(Bloomberg) -- Nissan Motor Co. raised its profit forecast as the weaker yen and growth in U.S. deliveries boosted export earnings, countering a slowdown in Japan.
Net income will be 420 billion yen ($3.5 billion) in the year ending March, compared with its previous projection for 405 billion yen, the Yokohama, Japan-based company said in a statement today. Nissan also raised its projections for full-year operating profit and net revenue, though it cut the global delivery target by 150,000 vehicles to 5.3 million units.
Chief Executive Officer Carlos Ghosn is counting on the U.S. to buffer the effect of a recession in Russia and slowing growth in Japan and China.
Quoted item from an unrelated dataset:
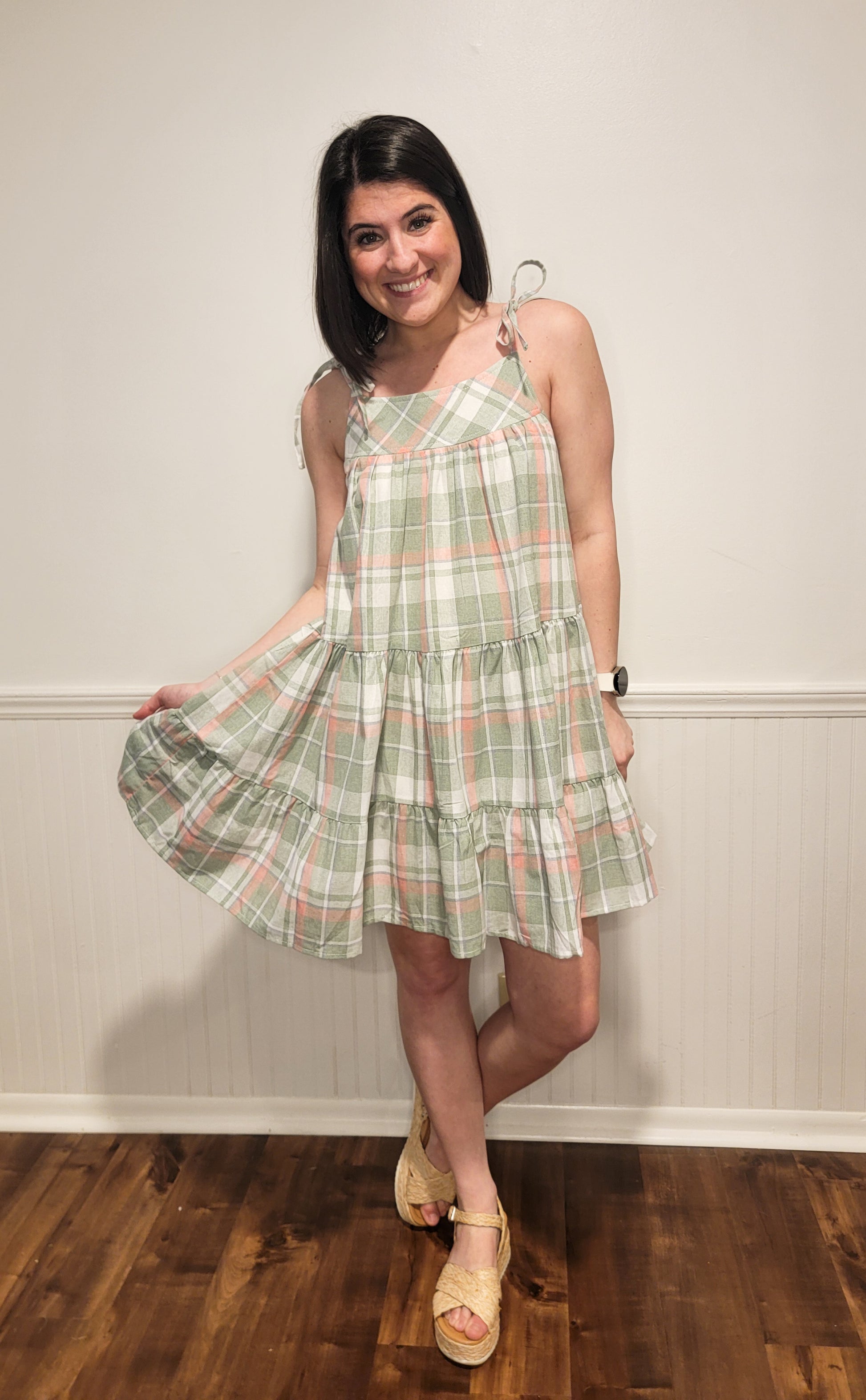 This sweet plaid dress features self tie closure at the straps for an adjustable fit! It has a square neckline and has a tiered silhouette.
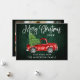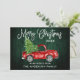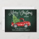 Rustic Green Wood - Modern Fun Calligraphy Script Watercolor Vintage Red Truck with Christmas Tree - Merry Christmas Card with Photo Back

Major automakers including Nissan all reported their best January U.S. vehicle sales in at least seven years, buoyed by cheap gasoline and falling unemployment.
“The U.S. is their biggest cash cow,” said Koji Endo, an auto
analyst at Advanced Research Japan. “The strong trend will continue for a while and they will keep enjoying the ride in that market.”
Operating profit in the third quarter rose 98 percent to 156 billion yen, beating the 119.6 billion yen average of analysts’ estimates. Sales rose 17 percent to 2.94 trillion yen, compared with the 2.71 trillion yen analysts’ average.

Share Performance

Nissan rose 1.4 percent to 1,064 yen in Tokyo trading today, before it announced earnings. The stock has gained 20 percent in the past 12 months, compared with the 18 percent gain for the benchmark Topix index.
In North America, Nissan reaped 81.6 billion yen in operating profit last quarter, increasing from 3.4 billion yen a year earlier.
Nissan boosted sales in the U.S. by 11 percent to a record last year, compared with the 6.2 percent growth at Toyota and 1 percent rise at Honda, according to Autodata Corp. It outsold Honda last month for the first time since March 2014, helped by rising incentives, according to Autodata.
There are “high expectations” for Nissan’s new Titan pickup truck as it is aimed at the niche between heavy-duty and light-duty trucks, Takaki Nakanishi, an auto analyst at Jefferies Group LLC, wrote in a report last month.

Russian Slump

Nissan posted an operating loss of 10.3 billion yen in Europe, compared with an operating loss of 7.3 billion a year earlier, dragged down by the Russian market.
While the no-frills Datsun models boosted Nissan’s unit sales in Russia, the ruble’s almost 50 percent plunge in 2014 has forced Nissan to halt taking orders of some vehicles at the end of last year to safeguard profitability.
Industrywide deliveries of new passenger cars and light commercial vehicles fell 10 percent in 2014 in Russia to about 2.5 million units, according to the Moscow-based Association of European Businesses, or AEB. Russia’s car market will probably fall by another 20 percent in 2015, Nissan Chief Executive Officer Carlos Ghosn said in a Bloomberg Television interview on Feb. 3.
Nissan and partner Renault SA indirectly own 50.01 percent of Lada-maker OAO AvtoVAZ, and has plans to gain at least 40 percent of the Russian car market by 2016. Their combined market share widened to 30.7 percent last year from 29.6 percent in 2013.

China Competition

In China, where Nissan is the biggest Japanese automaker, sales rose 0.5 percent last year to 1.22 million units, trailing its own reduced target and the industry last year. The automaker said rising competition in the compact car segment and commercial vehicles contributed to the underperformance.
In Japan, operating profit fell to 70.1 billion yen in the third quarter from 87 billion yen last year.
Nissan deliveries fell 1.3 percent last year in Japan, amid intensifying competition in mini-cars and slump in demand following the rise in consumption tax in April.
Nissan based full-year forecast on 108.8 yen against the dollar and 138.9 yen versus the euro. Operating income gets a 12 billion yen boost with every yen’s drop against the dollar, the carmaker has said.